I'm not really sure what to do here:

The area covered by a species of ground-cover plant has a rate of increase of ycm^2/week, given by:

y = -t^3 + 5x^2 + 6t

where t is the number of weeks after planting. According to the model, if the plant covered 100cm^2 when planted, what area will it cover after 4 weeks?

Thanks!

2. Hello, freswood!

The area covered by a species of ground-cover plant has a rate of increase of y cm²/week,
given by: . $y \:= \:-t^3 + 5t^2 + 6t$ where $t$ is the number of weeks after planting.

According to the model, if the plant covered 100 cm² when planted.
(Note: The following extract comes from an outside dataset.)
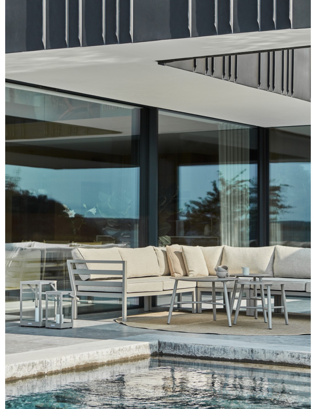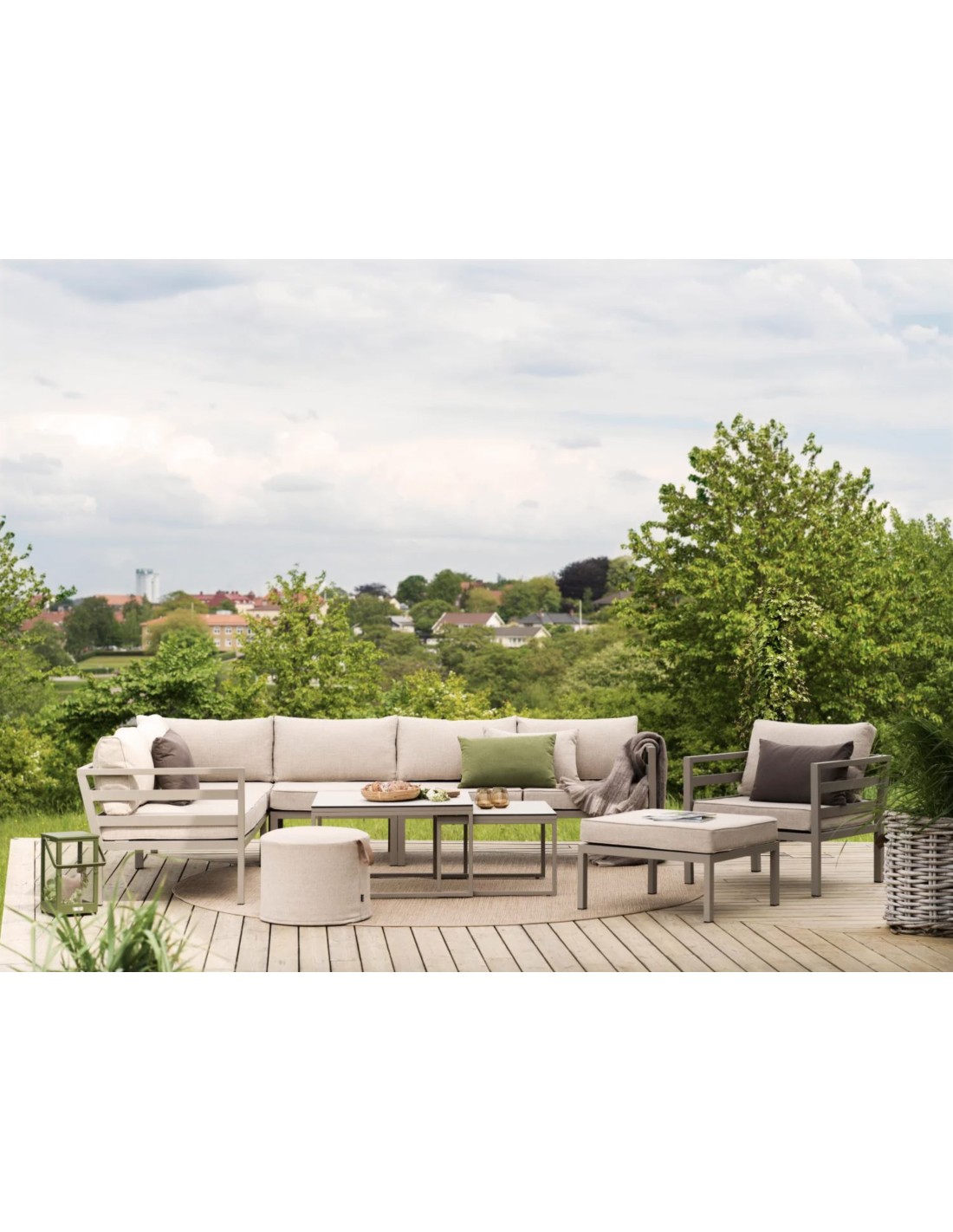Siéntate con comodidad y estilo. Un amplio y elegante sofá esquinero que extiende tu hogar hacia el exterior. Los asientos generosos están enmarcados por líneas transversales en los reposabrazos y el respaldo tiene un ángulo perfecto para relajarse. Weldon es una serie de atractivo diseño mate con cojines para todo clima.

What area will it cover after 4 weeks?

Since $y \:=\:-t^3 + 5t^2 + 6t$ is the rate of increase of ground cover,

the amount (area) of ground cover at time $t$ is given by:
. . $A(t) \;=\;\int(-t^3 + 5t^2 + 6t)\,dt \;= \;-\frac{1}{4}t^4 + \frac{5}{3}t^3 + 3t^2 + C$

We are told that, when $t = 0,\;A = 100.$

So we have: . $-\frac{1}{4}\cdot0^4 + \frac{5}{3}\cdot0^3 + 3\cdot0^2 + C \:= \:100\quad\Rightarrow\quad C = 100$

Hence, the area function is: . $A(t) \:= \:-\frac{1}{4}t^4 + \frac{5}{3}t^3 + 3t^2 + 100$

When $t = 4:\;\;A(4) \;=\;-\frac{1}{4}\cdot4^4 + \frac{5}{3}\cdot4^3 + 3\cdot4^2 + 100 \;= \;$ $\frac{572}{3}\;=\;190\frac{2}{3}$ cm².